** Dataset extract follows **

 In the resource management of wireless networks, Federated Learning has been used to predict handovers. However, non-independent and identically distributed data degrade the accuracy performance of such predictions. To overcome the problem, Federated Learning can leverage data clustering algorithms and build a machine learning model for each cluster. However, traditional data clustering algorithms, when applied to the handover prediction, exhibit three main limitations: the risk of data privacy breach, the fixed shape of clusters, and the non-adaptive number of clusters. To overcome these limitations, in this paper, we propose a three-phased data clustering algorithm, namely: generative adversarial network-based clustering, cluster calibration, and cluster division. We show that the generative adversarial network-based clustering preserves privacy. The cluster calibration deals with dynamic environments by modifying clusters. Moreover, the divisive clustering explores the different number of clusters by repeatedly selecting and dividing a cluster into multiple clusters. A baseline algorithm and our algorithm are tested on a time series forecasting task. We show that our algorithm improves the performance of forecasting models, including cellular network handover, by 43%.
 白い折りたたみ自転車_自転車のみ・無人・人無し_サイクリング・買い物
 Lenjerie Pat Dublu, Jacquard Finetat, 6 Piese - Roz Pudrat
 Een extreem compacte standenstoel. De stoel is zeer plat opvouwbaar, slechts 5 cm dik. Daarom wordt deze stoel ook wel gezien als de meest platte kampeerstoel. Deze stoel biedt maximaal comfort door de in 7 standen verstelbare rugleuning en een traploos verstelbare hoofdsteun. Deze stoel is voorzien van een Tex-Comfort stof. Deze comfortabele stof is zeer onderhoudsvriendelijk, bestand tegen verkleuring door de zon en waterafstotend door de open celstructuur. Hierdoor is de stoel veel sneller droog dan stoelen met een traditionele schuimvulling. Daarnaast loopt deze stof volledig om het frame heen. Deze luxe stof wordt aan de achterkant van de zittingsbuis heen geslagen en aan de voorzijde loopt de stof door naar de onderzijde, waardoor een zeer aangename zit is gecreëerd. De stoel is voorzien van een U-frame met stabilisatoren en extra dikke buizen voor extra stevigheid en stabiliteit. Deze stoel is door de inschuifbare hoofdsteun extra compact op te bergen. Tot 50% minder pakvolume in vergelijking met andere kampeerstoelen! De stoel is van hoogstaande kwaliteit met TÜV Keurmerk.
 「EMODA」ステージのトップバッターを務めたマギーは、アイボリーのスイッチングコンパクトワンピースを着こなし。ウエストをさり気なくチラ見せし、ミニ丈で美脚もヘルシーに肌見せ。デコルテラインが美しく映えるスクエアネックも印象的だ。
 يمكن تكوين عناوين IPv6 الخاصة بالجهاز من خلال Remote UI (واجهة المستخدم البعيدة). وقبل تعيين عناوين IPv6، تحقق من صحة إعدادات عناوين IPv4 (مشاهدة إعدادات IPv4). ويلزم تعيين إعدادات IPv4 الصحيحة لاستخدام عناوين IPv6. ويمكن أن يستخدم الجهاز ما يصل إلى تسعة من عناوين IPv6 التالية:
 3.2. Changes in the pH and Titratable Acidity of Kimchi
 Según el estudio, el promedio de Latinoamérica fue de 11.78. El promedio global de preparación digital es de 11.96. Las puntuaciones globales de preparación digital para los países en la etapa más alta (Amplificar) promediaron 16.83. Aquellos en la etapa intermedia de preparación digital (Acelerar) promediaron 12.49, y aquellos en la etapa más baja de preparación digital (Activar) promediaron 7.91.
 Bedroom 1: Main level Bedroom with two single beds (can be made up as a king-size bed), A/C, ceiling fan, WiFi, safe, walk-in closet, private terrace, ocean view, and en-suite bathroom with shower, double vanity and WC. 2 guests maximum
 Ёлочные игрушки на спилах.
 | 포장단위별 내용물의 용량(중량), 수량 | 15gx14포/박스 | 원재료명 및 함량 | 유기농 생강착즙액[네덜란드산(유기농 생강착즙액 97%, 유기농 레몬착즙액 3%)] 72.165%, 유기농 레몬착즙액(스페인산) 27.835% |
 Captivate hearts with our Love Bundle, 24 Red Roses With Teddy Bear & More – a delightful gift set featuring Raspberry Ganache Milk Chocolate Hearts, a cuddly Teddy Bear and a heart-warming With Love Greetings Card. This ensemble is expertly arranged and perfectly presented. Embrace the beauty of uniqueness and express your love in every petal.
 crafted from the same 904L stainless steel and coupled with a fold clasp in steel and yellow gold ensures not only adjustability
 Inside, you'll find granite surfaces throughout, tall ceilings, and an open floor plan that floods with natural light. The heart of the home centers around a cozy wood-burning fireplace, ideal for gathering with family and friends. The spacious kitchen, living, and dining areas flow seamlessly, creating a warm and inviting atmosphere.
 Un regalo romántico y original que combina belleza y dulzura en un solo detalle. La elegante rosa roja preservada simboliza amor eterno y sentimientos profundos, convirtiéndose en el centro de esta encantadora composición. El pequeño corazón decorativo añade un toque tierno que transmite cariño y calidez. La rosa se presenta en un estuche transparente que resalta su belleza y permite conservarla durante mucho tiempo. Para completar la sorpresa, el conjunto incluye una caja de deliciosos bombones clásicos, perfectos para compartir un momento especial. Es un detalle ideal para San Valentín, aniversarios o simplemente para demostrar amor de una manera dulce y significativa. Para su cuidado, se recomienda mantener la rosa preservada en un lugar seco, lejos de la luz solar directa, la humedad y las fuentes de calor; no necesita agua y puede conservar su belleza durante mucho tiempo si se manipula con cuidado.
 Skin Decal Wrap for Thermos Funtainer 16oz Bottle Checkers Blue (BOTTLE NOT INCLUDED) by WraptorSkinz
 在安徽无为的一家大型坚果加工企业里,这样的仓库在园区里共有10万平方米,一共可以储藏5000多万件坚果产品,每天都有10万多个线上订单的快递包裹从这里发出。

** End of Dataset extract **

Aim of the exercise: Among the lines of the listing, count those containing the word "open". Answer with the count alone.

Solution for this problem: 2